POINT LOBOS TIDE POOL, 1957

Commentary by Barbara Bullock-Wilson

In 1946, my parents and I moved to the Monterey Peninsula along the central coast of California. I was about nine months old at the time and it didn't take long for Dad and Mom to discover a ruggedly beautiful area of land and sea called Point Lobos State Reserve.

Just a short drive south toward Big Sur, Point Lobos quickly became a favorite spot for picnics and outdoor recreation. Way before the baby carriers we now use were developed, Mom adapted an automobile booster seat to transport me on her back while hiking through cypress woods and along rocky shores.

My own earliest memory of Point Lobos dates back to my second birthday when we had a celebratory picnic there, complete with cake and ice cream. Unlike today's Reserve, where many of the trails are marked off by wood or cable and eating is only allowed in a few designated sites, back then we were free to roam as we pleased. Other visitors were a rare sight. While Dad took family snapshots and pictures for his commercial travel postcard business, Mom and I would go tide-pooling, rock-climbing, and driftwood-hunting.

In the late 1940s, when Dad's creative efforts shifted from indoor work with alternative processes to a more straight approach in natural environments, Point Lobos and other outdoor locations around the central coast took on much greater significance. Not only were they places to enjoy recreationally and document commercially, they became primary sources for personal growth and expression.

Interacting as freely and directly with the natural world as he was capable of, Dad began producing images in the early 1950s that reflected his own deepening connections with it. His photograph Woman and Dog in Forest, 1954 was taken just off the North Shore Trail at Point Lobos as were several of his other early nudes in natural settings. It would be highly impractical to think about making nude photographs in the Reserve today, but 60 years ago there were no impediments.

When my younger sister Lynne joined our family in 1953, Dad gained a third family model. One day, when she was about three, Lynne and our family were at Point Lobos for another celebration. Although I don't remember the particular occasion, it could have been her birthday as she was dressed in special party clothes. Dad took several snapshots throughout the day and, always alert to more creative opportunities, he also took Lynne, Point Lobos, 1956.

Unlike his informal portraits of her, this serendipitous image records a moment in her life, not as Lynne, but as universal child confronting primal forces. Like many of Dad's images, it is both an evocation of humanity's complex relationships with the natural world and an invitation to consider how we each relate to the worlds within and around us.

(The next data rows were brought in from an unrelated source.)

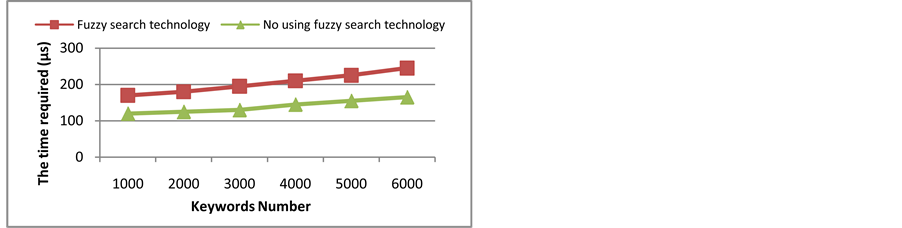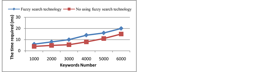 In this paper, the keywords fuzzy search scheme adds the cloud search method on the basis of literature [13] , but time complexity and space consumption are in the same level with the original program. The time complexity of the index construction of the pre-processing stage is related to the number of keywords n. That is O (n). The size of the index is also related to the number of words. That is O (n). In searching, due to the cloud server system support for multiple threads, you can also search the synonyms; fuzzy syllable word retrieval without increasing too much time consumption, so search time complex degree is O (n).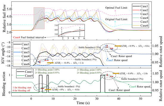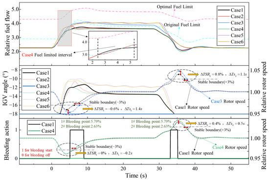 Figure 29 illustrates the impact of the gas turbine optimization strategy on dynamic performance. In Case 2, fuel flow is restricted between 2.5 and 5.5 s, limiting the gas turbine power response. In contrast, Case 1 adopts an improved fuel limit strategy that expands the safe fuel flow range, enhancing power response during surges while ensuring safe operation. Comparing Case 1 and Case 3 reveals the effect of IGV dynamic regulation on transient speed fluctuations. Without IGV adjustments, speed fluctuations are more pronounced: increases by 0.6%, and is extended by 1.4 s; increases by 0.8%, and is extended by 1.1 s. Comparing Case 1 with Case 4 highlights the effect of the bleed strategy. In Case 4, the absence of the bleed strategy results in larger transient speed fluctuations during power decline, with increasing by 0.4% and extended by 0.5 s.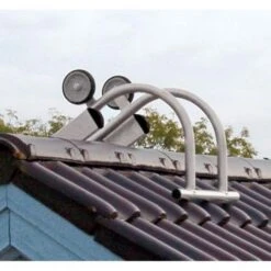Mit den montierten Laufrollen können Sie die Anlegeleiter bequem zum First rollen, umdrehenund sicher einhängen.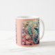 Nas profundezas vibrantes de um recife de coral, um majestoso cavalo marinho reina, suas escamas de pêssego e azul brilhando com um ar de serenidade. Cercada por uma tapeçaria de algas, estrelas e conchas. Essa criatura encantadora encarna a harmonia da vida oceânica. O fundo macio e gradiente em tons suaves de azul verde e rosa convida o espectador a entrar num mundo subaquático de tranquilidade e maravilha.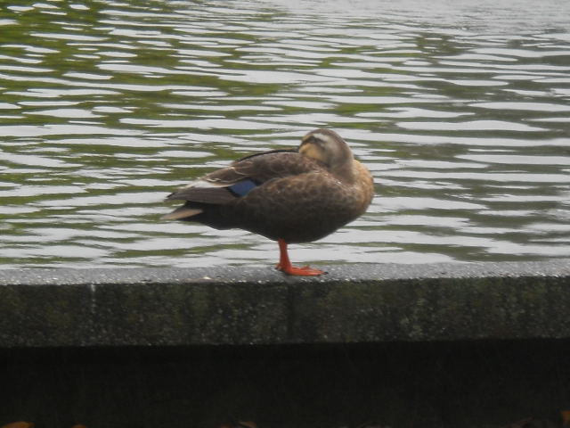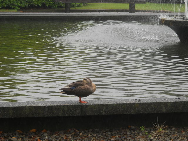 DSCN2044.JPG昨日の雨の中でも、一羽が噴水池の縁で眠っていました。奥さん(ダンナさん?)は見当たらず。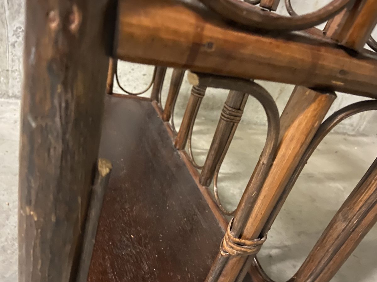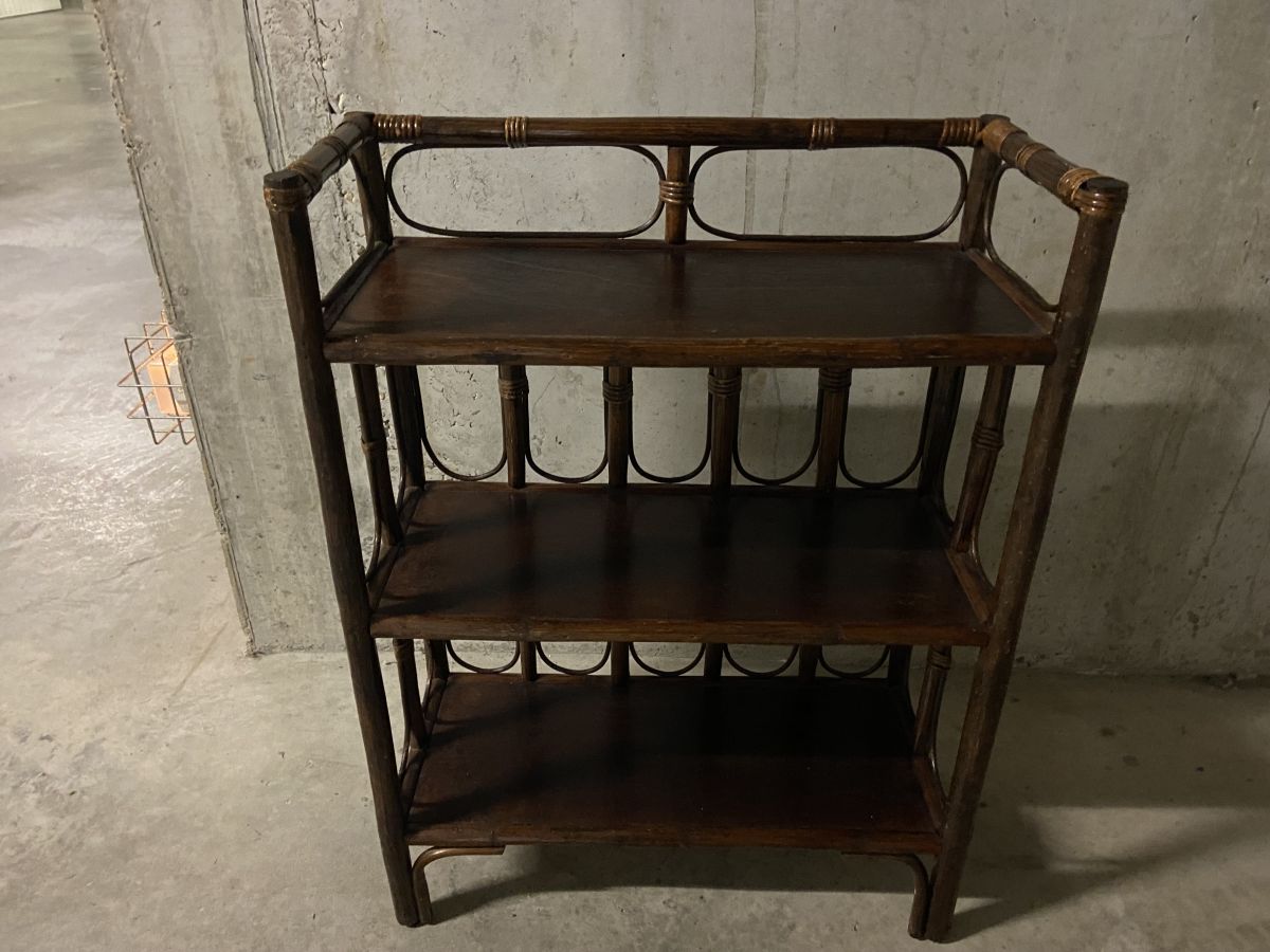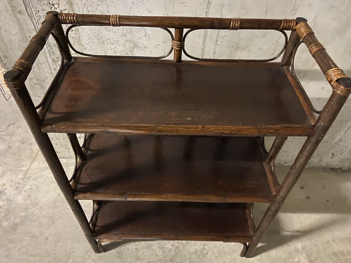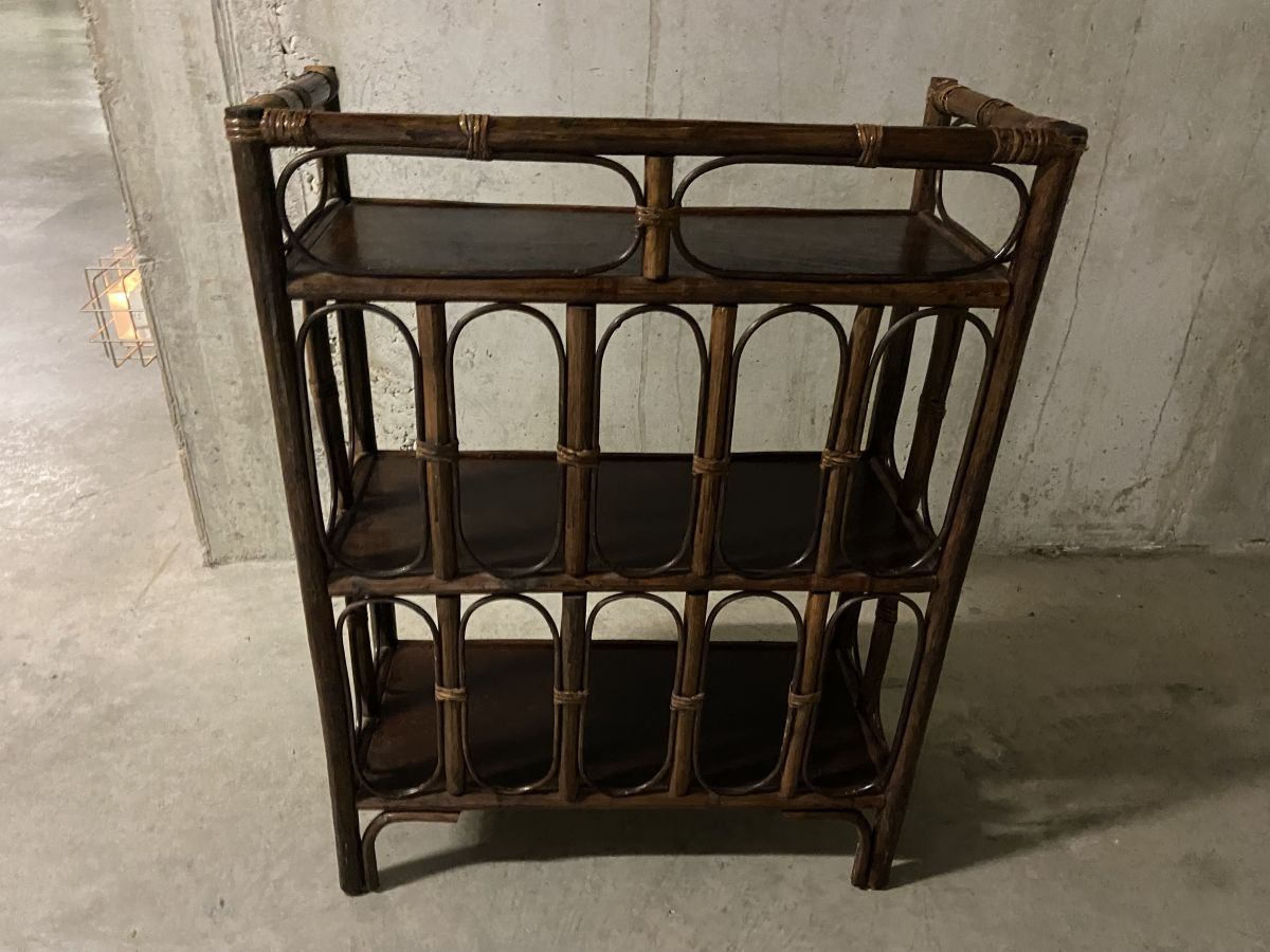 Etagère en rotin des années 70, 3 plateaux, quelques manques de vernis, un brin cassé sur le bas de l’étagère (voir photos), dimensions (cm) : L.66xH.89xP.29.

Point Lobos Tide Pool, 1957 is another serendipitous image that took place on the Reserve. The day this photograph was made, Dad was hauling his heavy field camera along the South Shore Trail when he happened upon a tide pool with a galaxy in its midst. He set up his equipment as quickly as he could and made his first exposure. Normally, he liked to bracket his exposures, but before he could make a second one, a gust of wind swept across the pool and the complex pattern of microscopic organisms vanished.

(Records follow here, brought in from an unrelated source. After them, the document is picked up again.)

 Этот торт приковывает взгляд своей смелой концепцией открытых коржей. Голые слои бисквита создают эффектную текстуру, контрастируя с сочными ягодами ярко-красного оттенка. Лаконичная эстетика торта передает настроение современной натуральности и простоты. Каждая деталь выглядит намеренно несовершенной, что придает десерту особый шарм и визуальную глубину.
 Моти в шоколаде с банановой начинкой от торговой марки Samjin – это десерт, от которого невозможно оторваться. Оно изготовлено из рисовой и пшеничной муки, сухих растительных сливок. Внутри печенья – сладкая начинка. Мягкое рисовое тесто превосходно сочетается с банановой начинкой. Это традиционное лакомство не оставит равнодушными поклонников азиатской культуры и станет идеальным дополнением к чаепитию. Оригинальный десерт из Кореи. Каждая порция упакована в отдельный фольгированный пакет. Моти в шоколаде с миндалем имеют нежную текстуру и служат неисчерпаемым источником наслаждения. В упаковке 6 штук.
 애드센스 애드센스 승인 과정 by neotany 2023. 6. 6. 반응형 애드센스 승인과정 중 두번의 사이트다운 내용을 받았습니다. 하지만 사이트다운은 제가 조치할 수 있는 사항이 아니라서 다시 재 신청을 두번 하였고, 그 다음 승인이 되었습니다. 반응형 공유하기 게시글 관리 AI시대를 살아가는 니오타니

Fortunately, one exposure was good enough. Whenever he told the story, Dad would laugh and say, "I was just damn lucky that day!" What he often left unexpressed was the lasting impression of the experience that exemplified for him the continual being-and-becoming nature of the universe as well as the kinship of its microcosmic and macrocosmic dimensions. The image remained a personal favorite for the rest of his life.

Among the other notable images Dad made at Point Lobos are Weston Beach, 1958; Rock and Limpets, 1969; and Point Lobos Rock, 1970. Additional images may be seen on the Featured Image pages of June 2011, June 2012, and November 2012.

Even when an outing was not especially productive, Dad never failed to enjoy his time at the Reserve. As he explained it:

"You really have to give of yourself to make good pictures. Well, that giving takes a lot out of you, and you simply can't operate at that intense level all the time. Neither can you predetermine what happens outside you.

"The fact that good pictures are rare, however, has never slowed me down. Just going out and looking at things and using a camera is therapeutic. I deeply love the whole process."

Although Dad couldn't ever predict what might happen on any given day at the Reserve, he knew it as a place where he experienced wholeness and connection. Sometime he encountered wondrous events such as the day he made Point Lobos Tide Pool, 1957. Other times, he simply returned home with a greater sense of well-being.

Regardless of the outcome, Point Lobos was a continuous wellspring of renewal and inspiration for Dad. For almost thirty years, it offered him a richly rewarding place to be, to grow, and to work.